[What the task requires] In the entries below, find the line with "Your search for" and the line with "索尼婭-西特龍(神秘人)、凱"; copy them and every line between them exactly, but not the pictures.

[Exercise inputs]
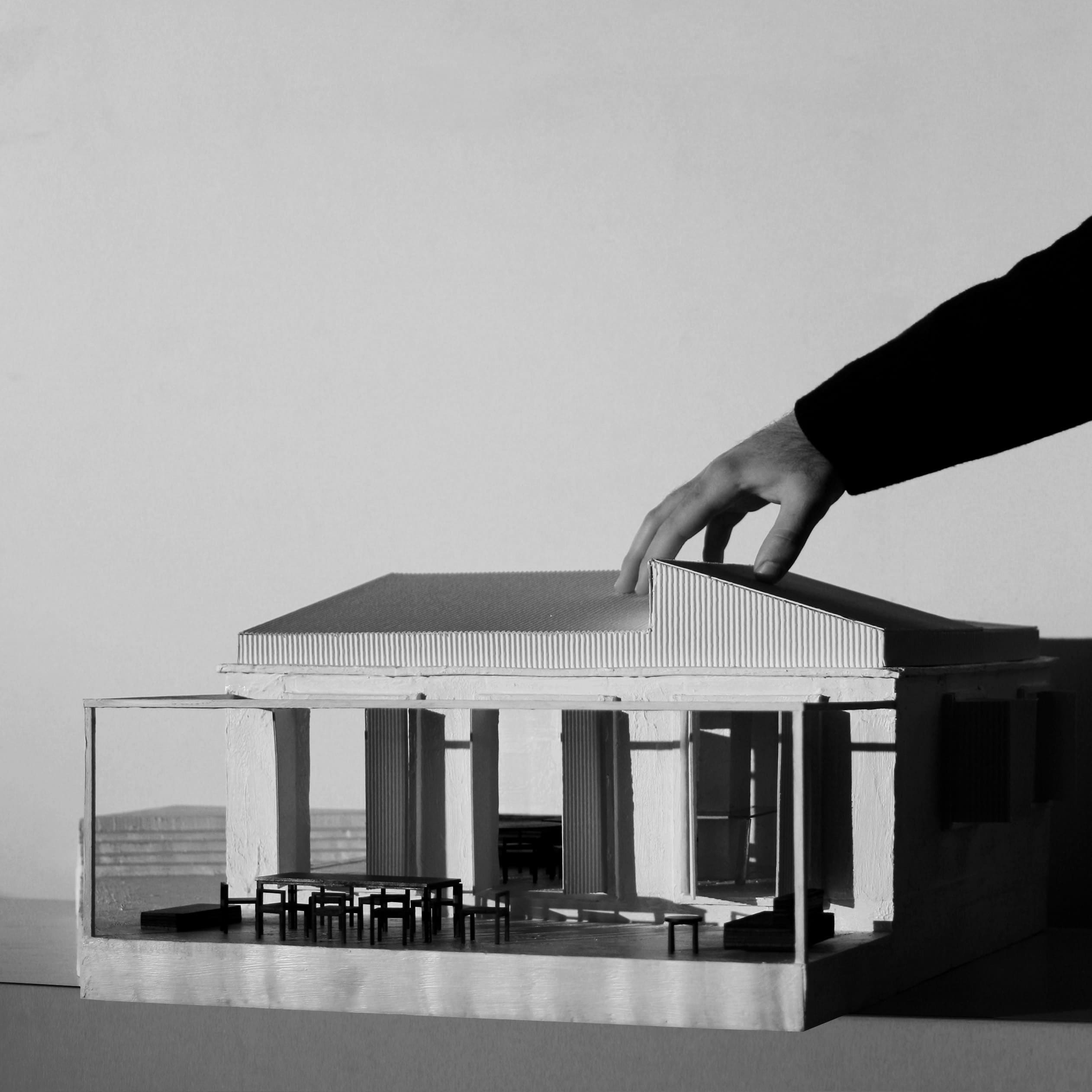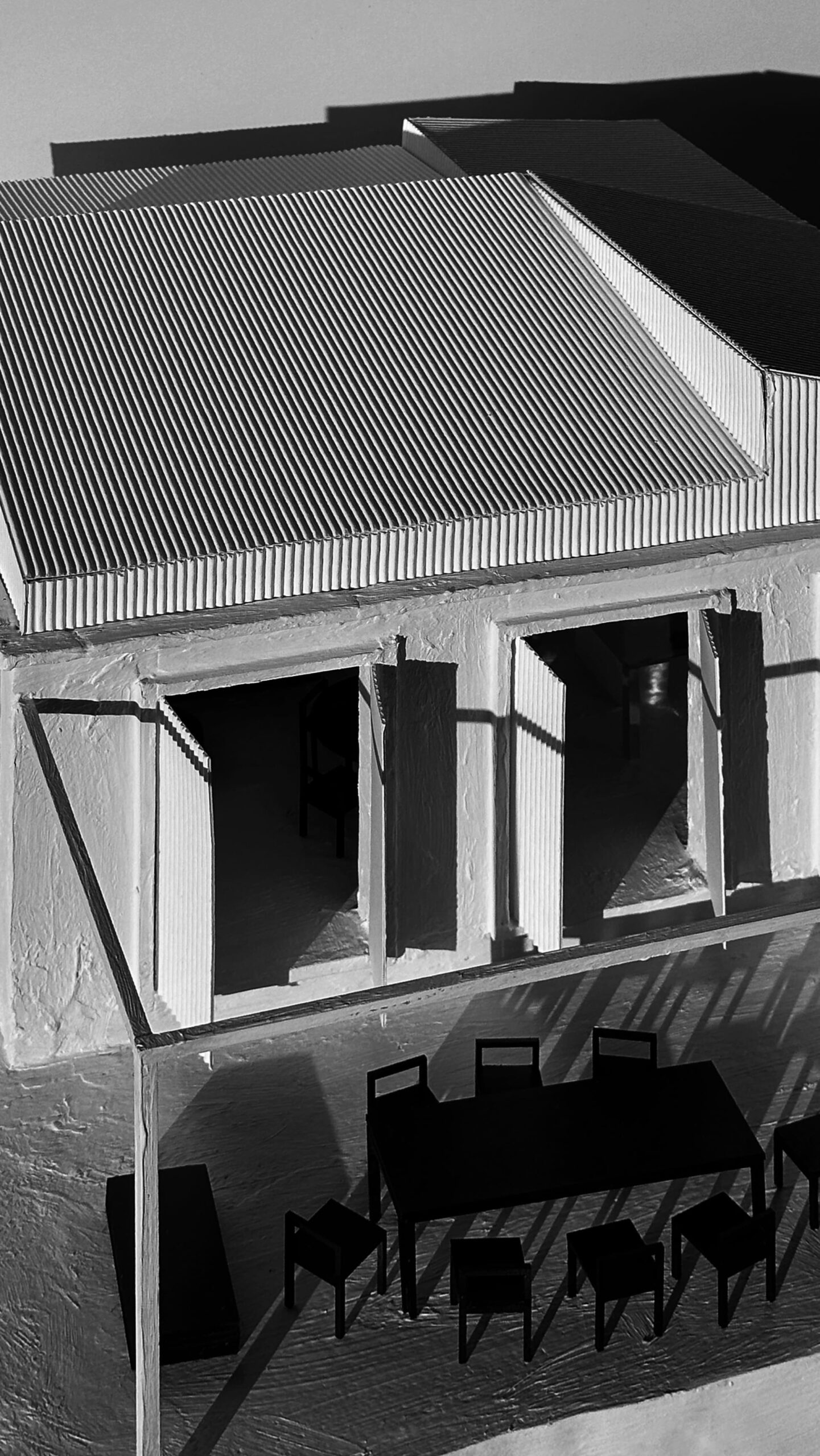 En la pieza situada más hacia el sur se adapta las exigencias del nuevo programa a la estructura muraria existente. Está formada por un muro perimetral y por otro en cruz, desplazado del centro, que genera cuatro estancias de diferente tamaño y proporción.
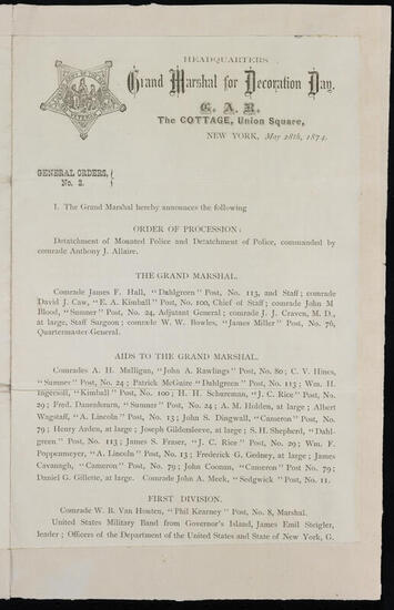 Order of Exercises for Decorating Soldiers' Graves at Cypress Hill Cemetery
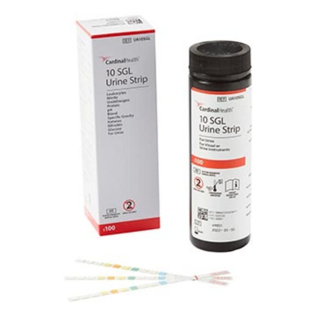 10SGL URINALYSIS TEST STRIP. 10 ANALYTES. LEUKOCYTES/NITRITE/UROBILINOGEN/PROTEIN/PH/BLOOD/SPECIFIC GRAVITY/KETONES/BILIRUBIN/GLUCOSE is manufactured by Cardinal Health™.
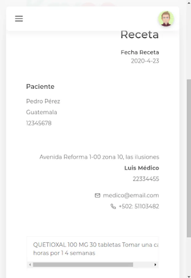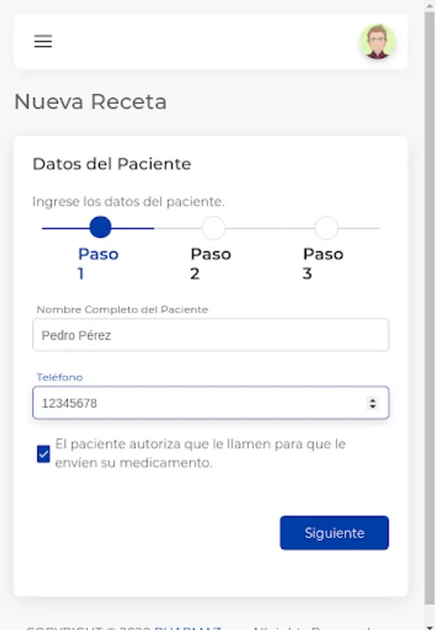 Application for the management of electronic Prescriptions requested directly to the laboratory, in which an agent will call the patient to bring the medicine to the door of his house.
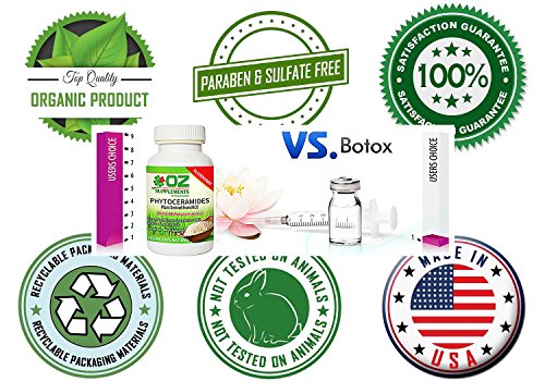 Your search for the best Phytoceramides is over! Oz Supplements is an anti-aging skincare company with medical doctors on it's board that stays abreast of anti-aging skincare breakthroughs. We are in the business of helping you to look and feel your best. Our commitment is to quality by C.O.A. lab testing all the raw materials we use. You will be amazed at how fast you will see results. Most customers give 5 star reviews because of baby soft and smoother skin results on their cheeks, face, hands and legs! Whole body results, not just your face! Fine lines fade quickly as glowing dewy skin and a youthful plumpness returns. Your friends start asking if you've "HAD SOMETHING DONE". *As you continue your daily regiment skin repair renewal happens on a Cellular Level. RELIEF from severe dryness, flakiness, redness, itchiness and embarrassment. Finally! You can socialize in public without hiding your hands and skin! Is that worth it to you? Other Phytoceramide Brands might look the same, but cheap 350mg LipoWheat or Sweet Potato Phytoceramides do not work the same. They don't compare to our Superior Clinical Results, that soon you will see from our concentrated dose of only our Patented Ceramide Formula. 100% Gluten-Free and Wheat-Free Phytoceramides made from Rice with 100% Recommended Daily Allowance of Powerful Antioxidants Vitamins A, C, D, and E that work with our plant-derived Rice Ceramides to repair and rebuild your skin on a cellular level. Most customers order 2 or 3 bottles to receive FREE delivery and not miss a daily dose. TRY IT RISK FREE Your Iron-Clad 2 Tier 100% Money Back Guarantee! If your friends & family don't notice a difference, ship it back and we will refund your money. If YOU are not happy with the results, ship back the empty bottles-again we will refund your money. Less than 100 Bottles Are Available At This Discounted about 70% OFF SALES PRICE, it sells out fast so CLICK the ADD TO CART BUTTON NOW!Feature
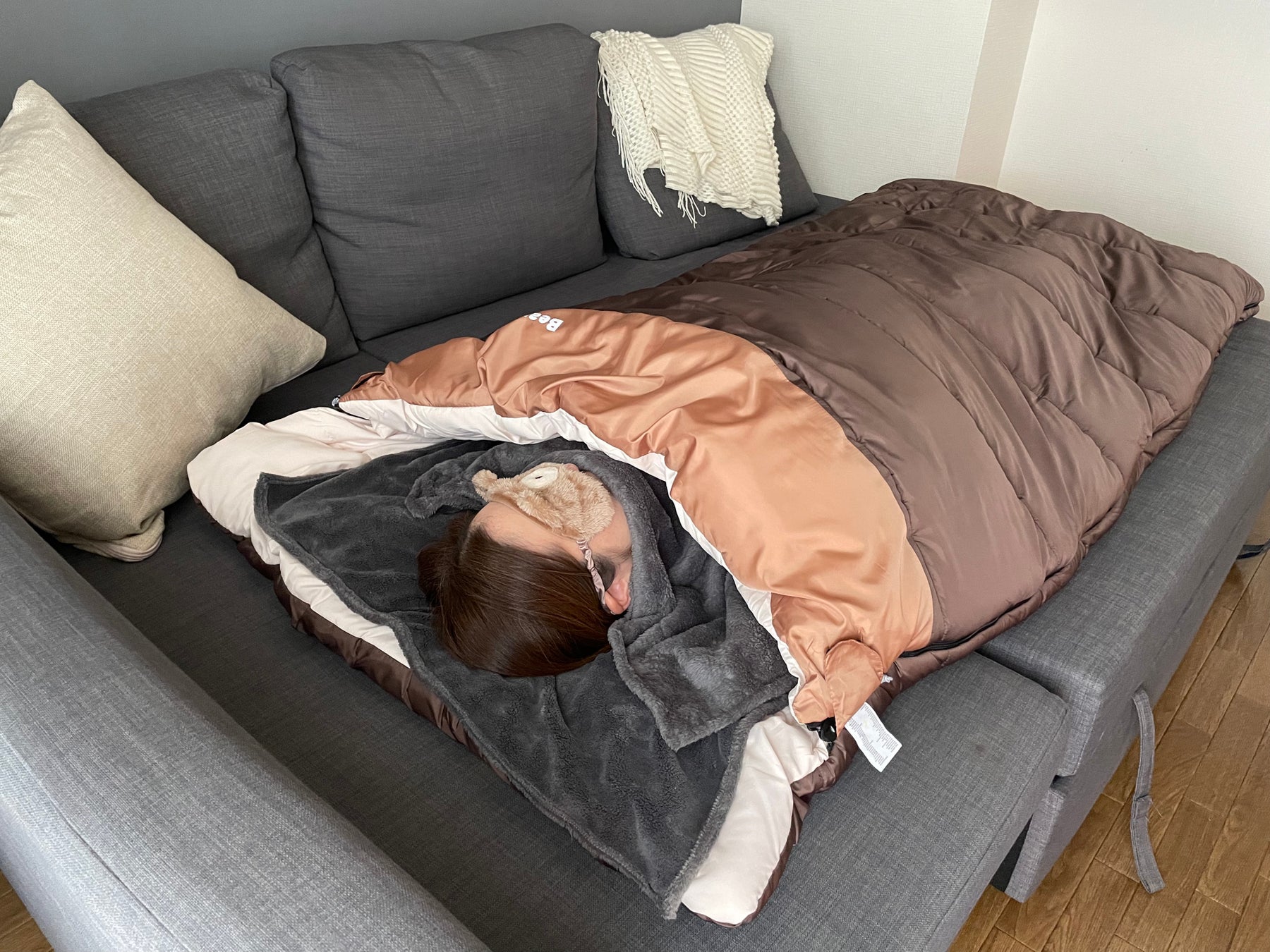 布団のようにふわふわで暖かく、寝袋と同じ中綿と生地を使っているため保温性に優れており、軽量でコンパクトに収納することができます。
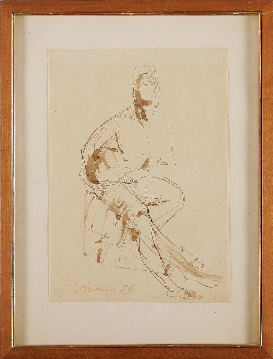 RUMI DONNINO (1906-1980) Ritratto di donna seduta. China su carta. Cm 32,5x22,5. Firma in basso a sinistra.
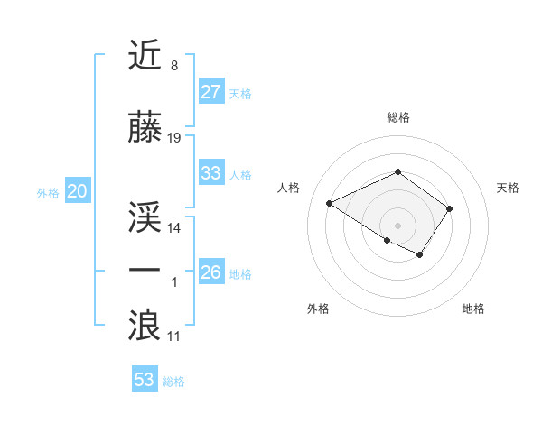近藤 渓一浪さんを姓名の画数から五運を鑑定
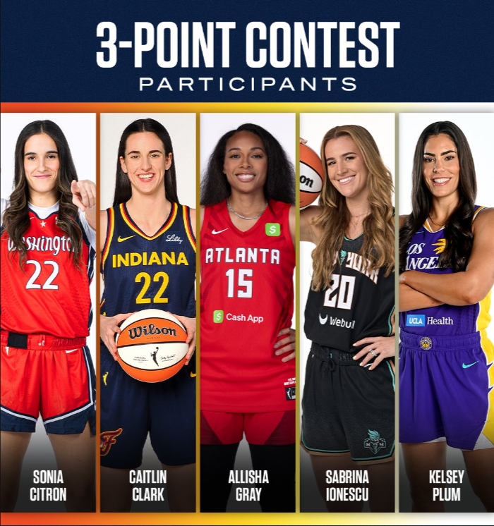 索尼婭-西特龍(神秘人)、凱特琳-克拉克(狂熱)(因傷缺席)、萊克西-赫爾(狂熱)(代替克拉克出賽)、艾麗莎-格雷(夢想)(上屆冠軍)、薩布里娜-約內(nèi)斯庫(自由人)(2023年三分大賽冠軍)、凱爾希-普拉姆(火花)。
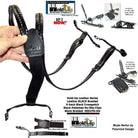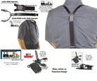 Get the real Mccoy as these have the Trademarked Holdup logo is embossed in the Y-back double stitched black leather crosspatch and the 1 1/4" wide elastic black back strap below the crosspatch cotton poly-blend elastic fabric for a more comfortable fit. The braided leather straps are 3/4" wide and 48" long so they adjust with antique silver tone buckle to easily fit men to 6 feet tall.. Buy these black braided leather Holdup brand suspenders from our Amazon shop. We also have them in brown leather braid style for the same price. Buy using your Amazon or PayPal account and get free freight offer at secure checkout.
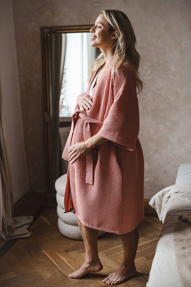 Szlafrok bawełniany wafel Milk&Love herbaciana róża
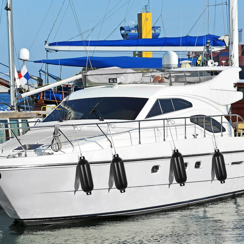 Protect your vessel from impacts and abrasion with the VEVOR Boat Fender Set. This pack includes four 8.5" x 27" marine-grade fenders in a sleek black finish, designed to safeguard your boat’s sides during docking or mooring. Each fender features a durable ribbed surface for extra strength and twin eyelets for flexible horizontal or vertical installation. Made from high-quality PVC for enhanced durability, these boat bumpers come with a convenient pump for easy inflation. Ideal for boats of various sizes, they offer optimal protection and peace of mind on the water.
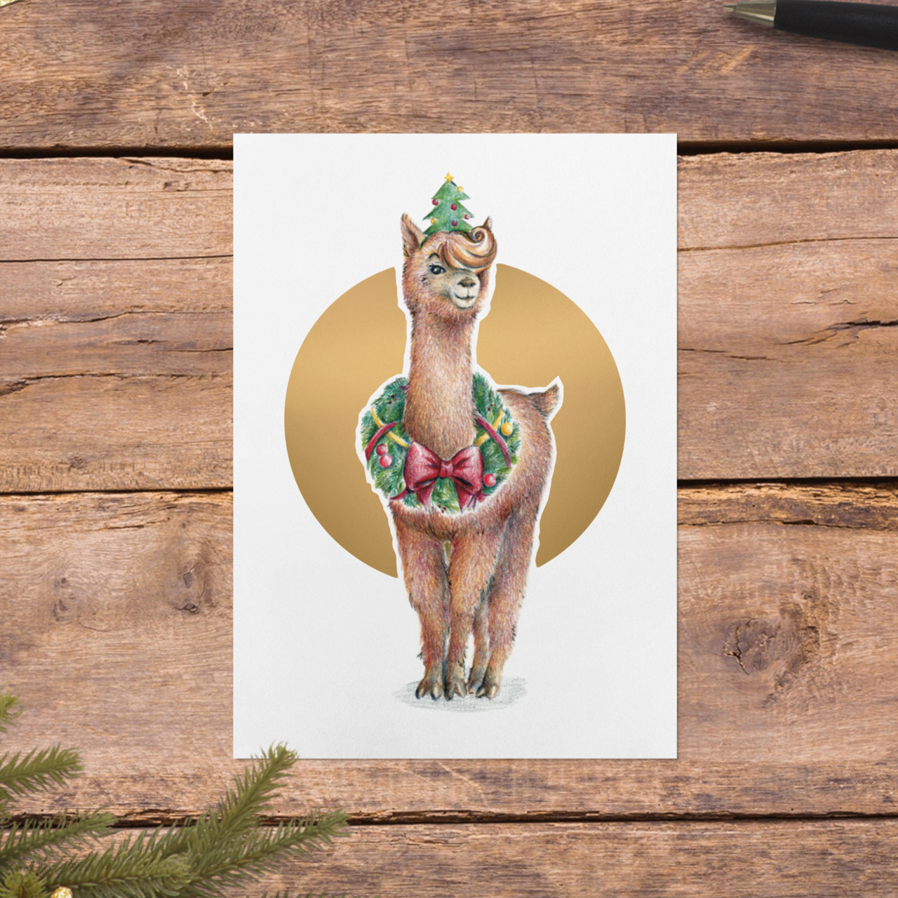 Weihnachtskarte mit lustigem, aber hoch-stylischem Alpaka-Motiv. Illustration in Buntstift, digital manuell nachbearbeitet. Der Druck auf 300g/m PEFC Papier mit seidenmattem finish ist 4-farbig plus Sonderfarbe (matt) gold.
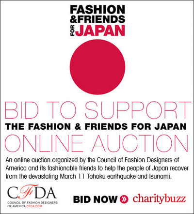 “CFDA Launches Online Auction for Japan Relief: Head to charitybuzz.com today to bid on meet and greets with Anna Wintour, an internship at Elle, a one week stay at Diane von Furstenberg’s home in the Bahama’s, and more amazing things as part of CFDA’s “Fashion & Friends for Japan.” – via cfda.com
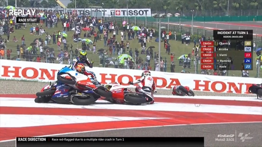 การแข่งขันครั้งแรกบนผืนแผ่นดินประเทศอินเดียเริ่มต้นขึ้นด้วยรอบ Tissot Sprint Race ในรายการ IndianOil Gran Prix of India เป็น Bezzecchi ที่ทำการคว้าโพลมาครองได้แต่ทันทีที่การแข่งขันเริ่มต้นขึ้นกลับกลายเป็น Martin ที่ออกตัวได้ดีกว่าพร้อมคว้าโฮลช็อตในโค้งที่ 1 อย่างไรก็ตามกลับมีเรื่องดราม่า ระหว่าง Bezzecchi และ Luca Marini คู่ทีมเมทจาก Mooney VR46 Racing Team ที่เกี่ยวกันทำให้ Marini ล้มลงจนได้รับบาดเจ็บจนถูกส่งตัวไปที่ศูนย์การแพทย์ โดยถูกตรวจพบกระดูกไหปลาร้าด้านซ้ายหัก (ทำให้ไม่ผ่านการตรวจความฟิตและพลาดการลงแข่งขันใน #IndianGP คาดว่าจะต้องรับโทษ Long Lap เมื่อกลับมาลงสนามด้วย) นอกจากนี้ก็ยังมี Pol Espargaro จาก GASGAS Factory Racing Tech3 ที่เกี่ยวกันกับ Stefan Bradl จาก LCR Honda CASTROL แล้มลงไปอีกคู่ด้วยนั่นเอง ซึ่งมีเพียง Bezzecchi คนเดียวที่กลับมาเข้าร่วมการแข่งขันได้
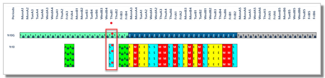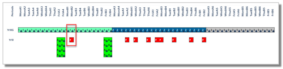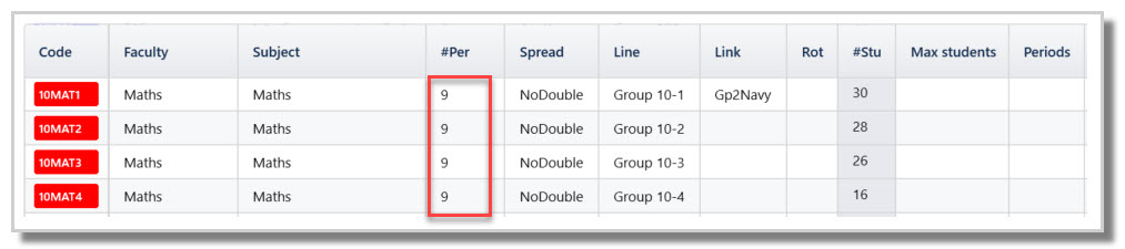 In the example below the Maths classes for year 10 are in groups and are allocated 9 periods and the Aurora student is in 10MAT1:

[Solution for this problem]
 Your search for the best Phytoceramides is over! Oz Supplements is an anti-aging skincare company with medical doctors on it's board that stays abreast of anti-aging skincare breakthroughs. We are in the business of helping you to look and feel your best. Our commitment is to quality by C.O.A. lab testing all the raw materials we use. You will be amazed at how fast you will see results. Most customers give 5 star reviews because of baby soft and smoother skin results on their cheeks, face, hands and legs! Whole body results, not just your face! Fine lines fade quickly as glowing dewy skin and a youthful plumpness returns. Your friends start asking if you've "HAD SOMETHING DONE". *As you continue your daily regiment skin repair renewal happens on a Cellular Level. RELIEF from severe dryness, flakiness, redness, itchiness and embarrassment. Finally! You can socialize in public without hiding your hands and skin! Is that worth it to you? Other Phytoceramide Brands might look the same, but cheap 350mg LipoWheat or Sweet Potato Phytoceramides do not work the same. They don't compare to our Superior Clinical Results, that soon you will see from our concentrated dose of only our Patented Ceramide Formula. 100% Gluten-Free and Wheat-Free Phytoceramides made from Rice with 100% Recommended Daily Allowance of Powerful Antioxidants Vitamins A, C, D, and E that work with our plant-derived Rice Ceramides to repair and rebuild your skin on a cellular level. Most customers order 2 or 3 bottles to receive FREE delivery and not miss a daily dose. TRY IT RISK FREE Your Iron-Clad 2 Tier 100% Money Back Guarantee! If your friends & family don't notice a difference, ship it back and we will refund your money. If YOU are not happy with the results, ship back the empty bottles-again we will refund your money. Less than 100 Bottles Are Available At This Discounted about 70% OFF SALES PRICE, it sells out fast so CLICK the ADD TO CART BUTTON NOW!Feature
 布団のようにふわふわで暖かく、寝袋と同じ中綿と生地を使っているため保温性に優れており、軽量でコンパクトに収納することができます。
 RUMI DONNINO (1906-1980) Ritratto di donna seduta. China su carta. Cm 32,5x22,5. Firma in basso a sinistra.
近藤 渓一浪さんを姓名の画数から五運を鑑定
 索尼婭-西特龍(神秘人)、凱特琳-克拉克(狂熱)(因傷缺席)、萊克西-赫爾(狂熱)(代替克拉克出賽)、艾麗莎-格雷(夢想)(上屆冠軍)、薩布里娜-約內(nèi)斯庫(自由人)(2023年三分大賽冠軍)、凱爾希-普拉姆(火花)。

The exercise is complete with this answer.